Beyond the international market, producers are also seeing increasing demand at home, corresponding to the rapid growth of data centers and continuing retirement of coal-fired power plants. However, the growth in both sectors is difficult to predict, McNamara said.

Like natural gas, many utilities see coal as a cheap option which they are reluctant to eliminate, despite public pressure to decrease emissions of carbon and particulates. According to Enverus, whenever gas prices move above $4/MMBtu, utilities use more coal, causing the gas consumption to drop by about 1/Bcf/d.

“The main point we want to talk about here is just that, despite capacity going down, coal utilization is still pretty sticky,” McNamara said.

The power increase caused by artificial intelligence (AI) data centers is more difficult to predict. There has been a “ton of hype around AI,” McNamara said.

AI has received a great deal of attention from the energy industry because a rapid continual growth of the sector would require a massive increase in power supplies. In an October 2023 interview with the Scientific American, data scientist Alex de Vries said that if everyone started using ChatGPT for internet queries instead of Google, the extra power requirements would be like adding a country the size of Ireland to the world’s power grid.

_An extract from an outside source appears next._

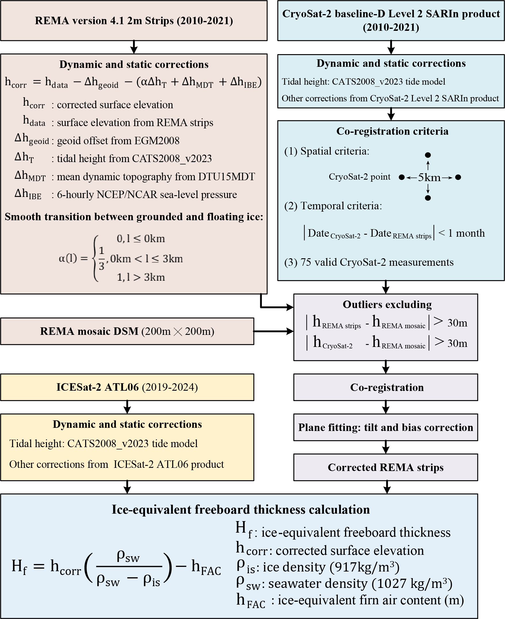 To assess the accuracy of the corrected REMA strips, we compared three strips from 2019–2021 with nearly contemporaneous ICESat-2 ATL06 data (Smith et al., 2019, 2023). The ICESat-2 elevations were converted to heights relative to the instantaneous sea surface by referencing them to the EGM2008 geoid and applying corrections for ocean tides, mean dynamic topography, and the inverse barometer effect. Processing steps see Fig. 5. At overlapping locations, we excluded measurements with ICESat-2 elevation errors exceeding 5 m and calculated the mean elevation difference (REMA minus ICESat-2) and the standard deviation of this bias. As shown in Table 2, the corrected REMA strips exhibited lower standard deviations compared to the uncorrected data, indicating reduced uncertainty. However, a consistent negative mean bias remained, with the corrected REMA elevations appearing systematically lower than those from ICESat-2.

However, determining the size of the electrical demand and a corresponding rise in gas demand has been difficult for analyst to calculate so far.   

“We don’t have certainty about what our power demand forecast would be for AI,” McNamara said. “We’re still running our numbers. There’s definitely some uncertainty there.”

What to look for

The problem for the natural gas industry’s commodity prices, Howard said, is waiting for the factors to finally line up in its favor.

“Demand is longer cycle than supply growth,” he said, “And will hinge on things like LNG export facility buildout, re-shoring of manufacturing that will lead to more industrial demand and hopes for demand growth due to generative artificial intelligence and data center growth.”

With an almost certain increase in gas demand expected over the next year, Chesapeake is optimistic about its position for the industry’s future, Viets said. Producers are keeping their eyes open to start taking advantage of their preparations to provide a larger supply.

“We need to see a few things happen,” he said. “The timing of this is going to remain uncertain.”